2. Belediye işçisinin iş koşullarında yapılan esaslı değişikliğin de İş yasası .22'ye göre çözümlenmesi gerekir. Esasalı değişikliğe işçinin yazılı onayı yoksa işçinin önceki koşulları deavm ediyor demektir. İşçi kendisine dayatılan olumsuz koşullara onay vermiyor ise yeni koşullarda çalışmayacaktır. İşveren bu nedenle işine son verirse işçinin işe iade davası açarak kazanmasının çok kolay olacağı kanısındayım.
3. İş koşullarının işçi aleyhine ağırlaştırılşması İş Yasası, m. 24/II anlamında işçi açısından haklı fesih nedenidir. Haklı fesihle kıdem tazminatı alır, ihbar tazminatı alamaz.(yakınımızdaki bir belediyede işçiler seçimden hemen sonra sopayla/dayakla istifa dilekçesi imzalamak zorunda kaldılar, konu ceza mahkemesine ve basına intikal etti, yerel mahkemede ihbar tazminatı kazanmalarına rağmen Yargıtay, ihbar tazminatı alamayacaklarına karar verdi).

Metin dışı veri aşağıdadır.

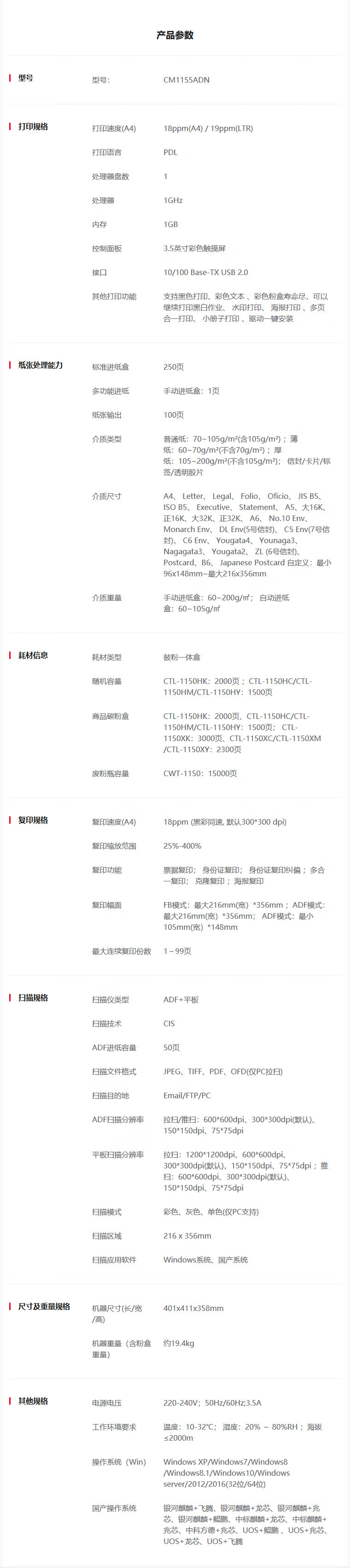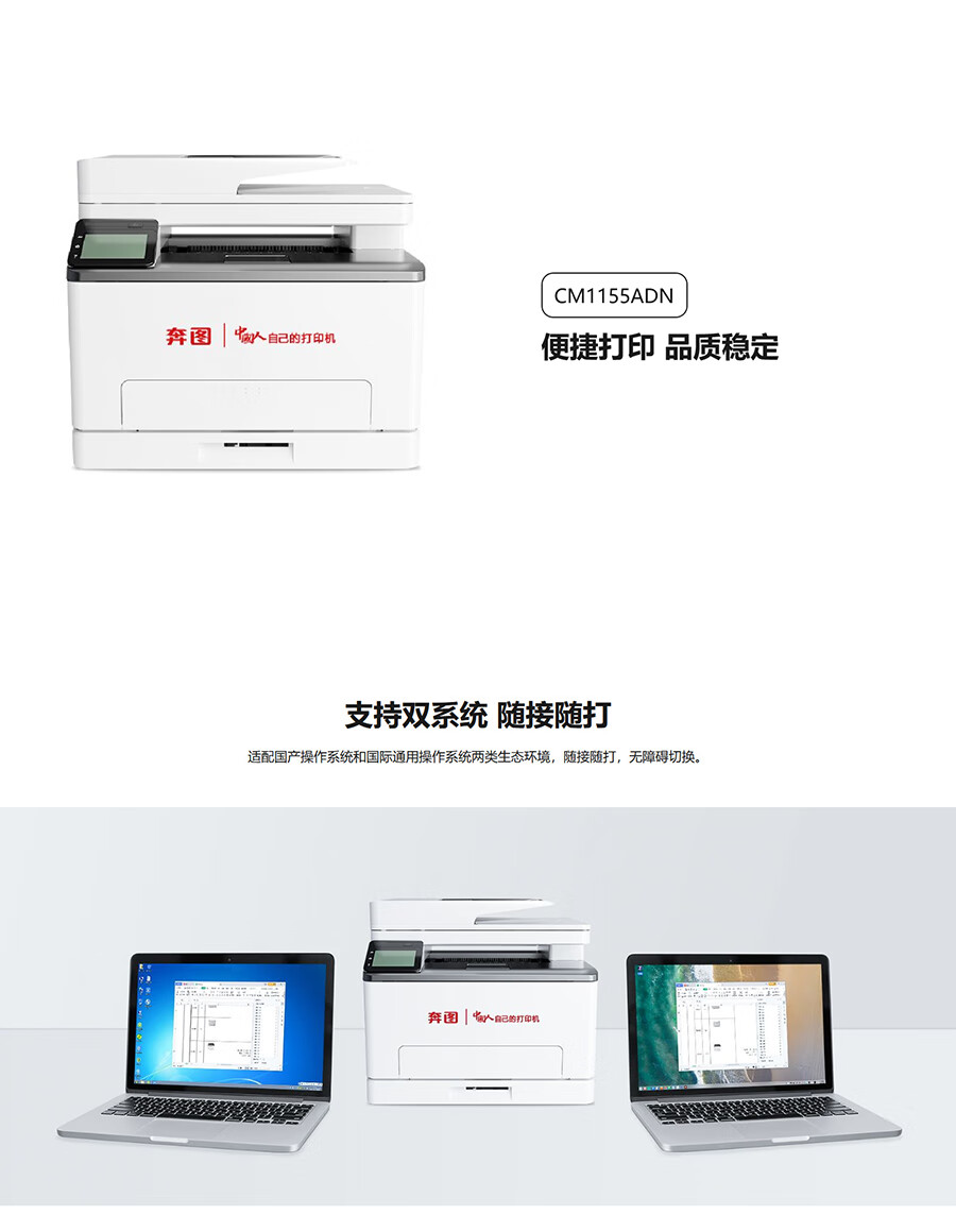 奔图/PANTUM CM1155ADN A4 彩色打印机 A4彩色激光多功能打印机 平板式扫描功能 打印复印扫描打印机

4. Belediyenin işçiler arasında ayrım yapması halinde İŞ yasası, m.5'de belirtilen tazminat talep edilebilir. Bu tazminatı isteyebilmek (dava edebilmek) için işten ayrılmaya gerek yok. çalışırken de dava açılabilir. (Çalışırken işverene karşı dava açabilen işçiye çok az rastladım)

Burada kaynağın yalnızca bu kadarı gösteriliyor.